Just as it seemed that Maigret would launch himself at his adversary and that the fight would continue, a waiter intervened. Ellen and one of the men who had been dancing grabbed hold of Clark on either side and tried to restrain him, while he still went on talking.
“What's he on about?” Maigret grumbled calmly.
“It doesn't matter! . . . Gentlemen, will you please kindly . . .”
Clark went on talking.
“What's he saying?”
Then, to everyone's surprise, Maigret began negligently to play with a shiny object which he had taken from his pocket and the fashionable women stared in amazement at the handcuffs, which they had so often heard about but never actually seen.
“Waiter, would you be good enough to translate for me? . . . Tell this gentleman that I am obliged to arrest him for insulting an officer of the law while in the course of his duty . . . And tell him too that if he is not prepared to follow me quietly, I shall have regretfully to use these handcuffs . . .”
Clark didn't flinch. He didn't say another word and pushed Ellen, who was clinging to his arm and trying to follow him, aside.
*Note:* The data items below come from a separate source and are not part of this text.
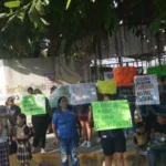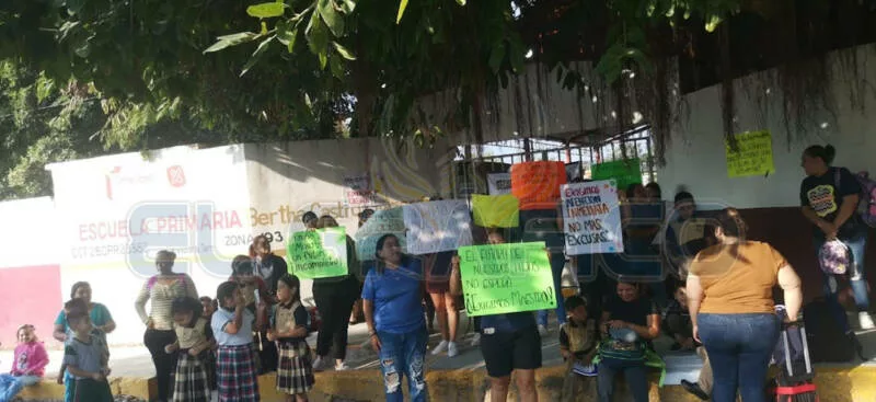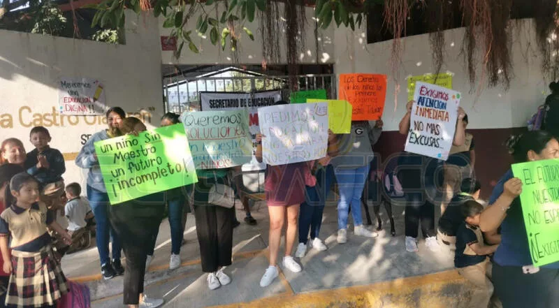 Con cartulinas que mostraban mensajes como “Exigimos asignación de docente frente al grupo”, “Queremos solución ya, Secretario de Educación” y “Tenemos derecho a educación digna”, los manifestantes se mantienen en el exterior de la escuela a la espera de la llegada de representantes oficiales y de la asignación de un maestro titular.
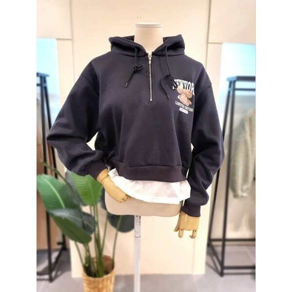 레이어드 코디를 한 듯 밑단에 흰색 팁이 붙어있는 후드티셔츠입니다.캐릭터 프린트에 집업 후드넥으로 캐주얼합니다.기본보다는 살짝 짧은 기장입니다.안감 기모로 따스합니다. 두텁지 않아 이너로도 활용하기 좋습니다.
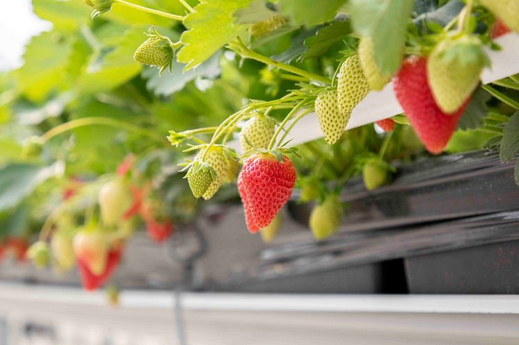 Jordgubbsplantorna växer i vad som kallas substrat som läggs i tråg som ställs på odlingsborden. Substrat består av odlingstorv som efter säsongen komposteras och sedan används för jordförbättring på gårdens marker. I tunnelodling bevattnas jordgubbar med droppbevattning och näringen tillförs via droppen. Tack vare minimal dränering får de heller inget läckage av näringsämnen.
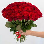 Букет із 51 червоних троянд з довгими стеблами
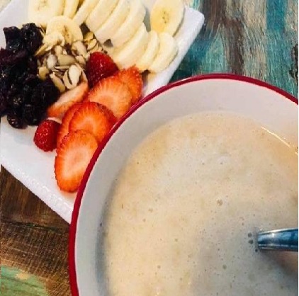 Plátano, blueberry, fresa, cacao, almendra, canela y hemp.

Without waiting for his hat or coat he followed closely on the superintendent's heels, and as they crossed the foyer, followed by a small crowd of onlookers, the manager saw them from his office, and raised his hands to heaven in horror.
“Taxi! . . . To the Palais de Justice . . .”
It was dark now. They went up the stairs, along corridors, and stopped outside Monsieur Bonneau's door. Maigret then adopted a humble and contrite attitude which Madame Maigret knew well and which infuriated her.
“I am so sorry, sir . . . I have been obliged, much to my regret, to put Mr. Clark, who you see here, under arrest . . .”
The magistrate had no idea what had happened. He imagined that Maigret suspected the American of having murdered his wife and the night porter.
“Excuse me! Excuse me! On what grounds have you . . .”
It was Clark who answered and to Maigret the words still sounded like a senseless jingle.
“What's he saying?”
The poor magistrate raised his eyebrows and frowned. His own knowledge of English was far from good and he had difficulty himself in following what the American was saying. He mumbled something, and sent his clerk to fetch another clerk who sometimes acted as interpreter.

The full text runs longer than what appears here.